I’m not the only one who reckons they are the ‘most controversial’; even though for some they’re not the worst. Everything is relative; surely money laundering and collusion in bidding up are no less controversial. I personally find third-party guarantees particularly controversial because that’s secrecy created directly by the auction houses. In this practice you can’t blame the dealers who are instead the disadvantaged ones. Also, it is the most strikingily speculative and financial practice, since it’s about hedging on a value without even buying or owning the actual goods, and this is done through complex and opaque contracts within the auction house, which shouldn’t even be allowed to create financial products of this sort.

Ultimately, this instrument is also the one that most actively disguises the actual price of artworks, since the value that is published after the sale does not reflect the actual financial arrangements and transactions. This means that a lot of records that have been reported are completely unreliable, with far-reaching consequences for future market values. This really proves how auction houses are directly accountable for market manipulation. 


It’s estimated that over 70% of the artworks sold at auction are backed by third-party guarantors. So, with Art Derivatives, you aim at offering everyone the possibility to take part in the secondary art market and to subvert it, as you say. Writing, in the sales agreement attached to the artworks composing this project, that “ the ‘Appreciated Value’ of the Artwork for the purpose of this agreement must increase only under the terms set forth in this Document”, you address straightforwardly the question of the ways value is established for artworks. What is your personal take on this issue?

It is pretty radical, by stating how the ‘appreciated value’ of an artwork can increment over time in the sales contract, I basically put a limit on future speculations, or actually have control over them. Such rules are sometimes common in sales contracts by galleries and artists, especially on establishing when and how works can be resold in the future, see the seminal “The Artist’s Reserved Rights Transfer and Sale Agreement”. In the Art Derivatives contract, I’ve added clauses that specify how the value can increment under particular conditions, like a financial future contract, with the difference that in this case it is designed to avoid future speculation on these works without my control.

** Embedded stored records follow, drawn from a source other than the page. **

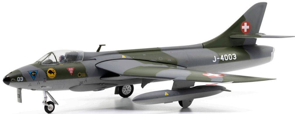
Hawker Hunter Mk.58 J-4003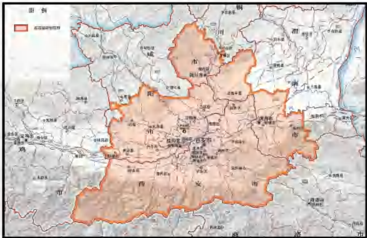
图 1 西安都市圈发展规划范围示意图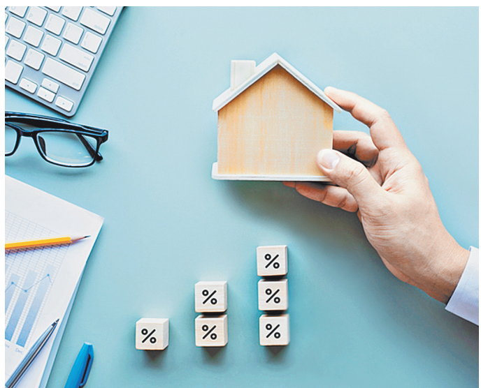
Остановка роста, а затем возможное снижение цен на жилье смягчат последствия от подорожания ипотеки.

Индия наряду с Китаем являются основными драйверами роста спроса на нефть в мире, и в случае введения жестких ограничений в стране можно ожидать соответствующей реакции со стороны нефтяных котировок, считает Амраган. ●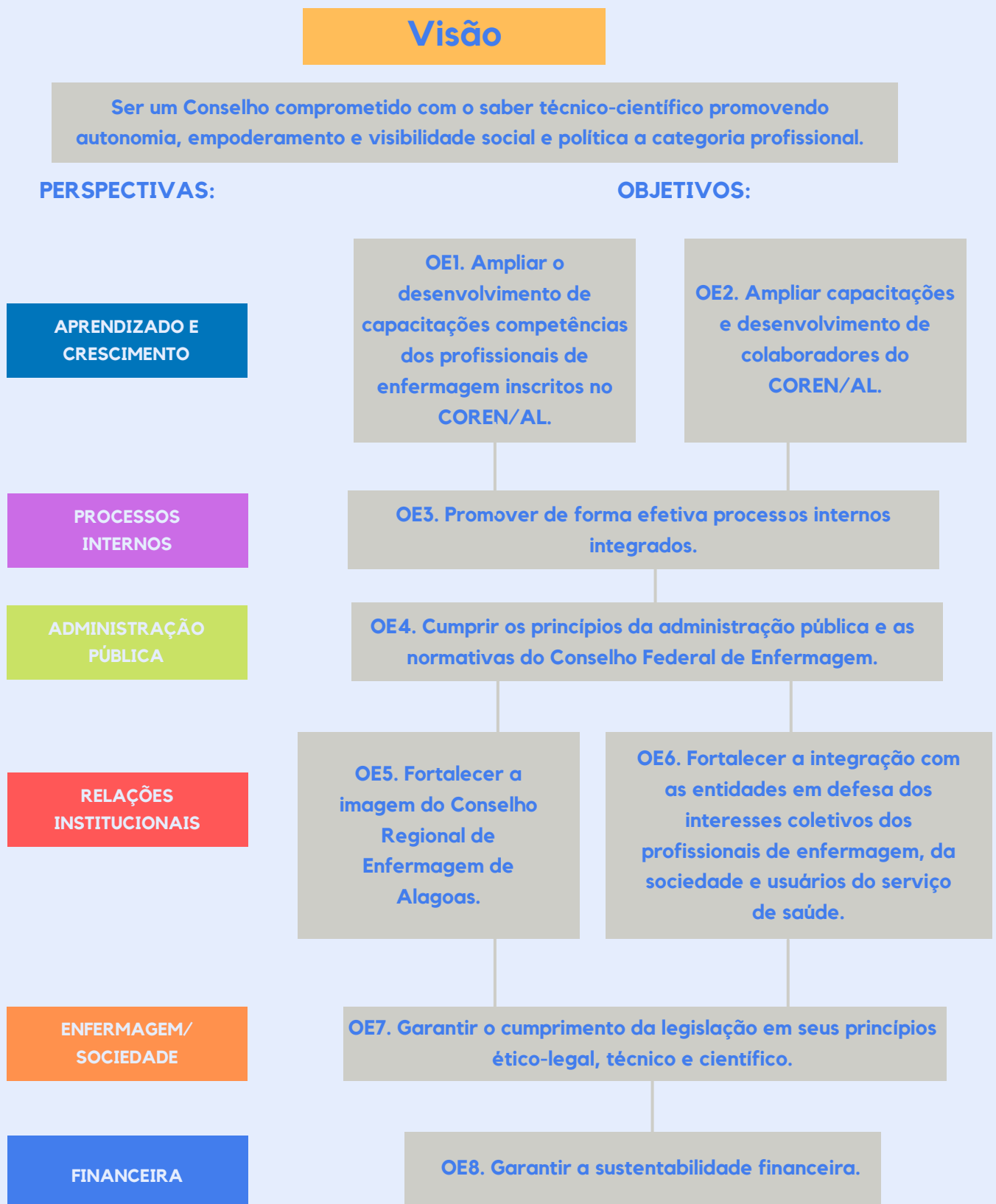
Figura 2 - Mapa Estratégico

If clauses like these were integrated in all sales contracts made by artists, gallerists, and dealers we could probably see an end to speculation such as ‘flipping’ on works of art. The simple common use of a fair private contract could bypass the need for regulation. But unfortunately, in the art world it’s very uncommon to even have contracts of any sort, and so that’s why we see so many unfair deals for artists but also for collectors. If there was a proper artists union, the first thing it would do is probably make fair contracts mandatory like with any other job and industry.


Is it solely for its ease of use that you chose to implement PayPal as a payment system for the Derivatives? Because, if I remember correctly, that highly controversial company had blocked your account when, for Loophole4All, you had leaked the contact details of 200 000 companies registered in the Cayman Islands and were then selling certificates of incorporation filled in with their details for 99 cents… Which was hilarious since PayPal Europe is notoriously registered in Luxemburg and is a subsidiary of PayPal Pte Limited, a Singapore-based company itself owned by PayPal International Limited, based in Dublin.

Yeah, PayPal is disgusting, but it’s the same thing with my Apple laptops, Google phone, and all those social media I use to reach out to people. I didn’t want to use PayPal again but I had no other alternative.

My projects have very specific targets and goals; they are meant to have a diverse audience, meant for everyone to participate in, so lowering the technical, linguistic, and ideological barriers is essential to make a project successful for those aims.

I’ve got plenty of projects that focus on the Internet mega tech companies where they are the targets and I challenge them with their own material and systems. What these projects ultimately reveal is not just the companies’ bad practices but also the lack of regulation that allows them to do what they want and become the predominant platform. It’s not only an issue of design and technology—the infrastructures that allow for that are mainly legal, political, and economic. The efforts made to make and use new platforms can instead be made to change what makes companies monopolies and evil. This is also true in the art world, it’s not the winner winning everything, but it’s an inequality regime making it happen.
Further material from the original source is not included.